The Goods and Services Tax or GST is often a consumption tax that is charged on many goods and services sold within Canada, no matter where your enterprise is located. At the mercy of certain exceptions, all companies are needed to charge GST, currently at 5%, plus applicable provincial sales taxes. An enterprise effectively represents a realtor for Revenue Canada by collecting the taxes and remitting them with a periodic basis. Corporations are also permitted to claim the required taxes paid on expenses incurred that relate for their business activities. They’re known as Input Tax Credits.

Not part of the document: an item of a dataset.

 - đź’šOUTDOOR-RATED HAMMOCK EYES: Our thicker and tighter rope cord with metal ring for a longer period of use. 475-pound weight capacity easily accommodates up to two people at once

Does Your Business Must Register? Just before participating in any kind of commercial activity in Canada, all business people have to figure out how the GST and relevant provincial taxes apply to them. Essentially, every business that sell products and services in Canada, for profit, have to charge GST, with the exception of these circumstances:
Estimated sales for the business for 4 consecutive calendar quarters is required being less than $30,000. Revenue Canada views these lenders as small suppliers and they are therefore exempt.

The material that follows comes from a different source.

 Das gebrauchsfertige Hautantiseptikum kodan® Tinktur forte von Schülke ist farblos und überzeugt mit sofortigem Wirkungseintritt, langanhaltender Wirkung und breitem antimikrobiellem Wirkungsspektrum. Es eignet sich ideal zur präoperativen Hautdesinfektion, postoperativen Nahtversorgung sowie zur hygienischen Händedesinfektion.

The company activity is GST exempt. Exempt products or services includes residential land and property, day care services, most medical and health services etc.
Although a tiny supplier, i.e. a business with annual sales lower than $30,000 is not needed to launch GST, sometimes it’s good to achieve this. Since an enterprise could only claim Input Tax Credits (GST paid on expenses) should they be registered, many companies, especially in the start-up phase where expenses exceed sales, may find they are in a position to recover a significant amount of taxes. This has to be balanced from the potential competitive advantage achieved from not charging the GST, and also the additional administrative costs (hassle) from having to file returns.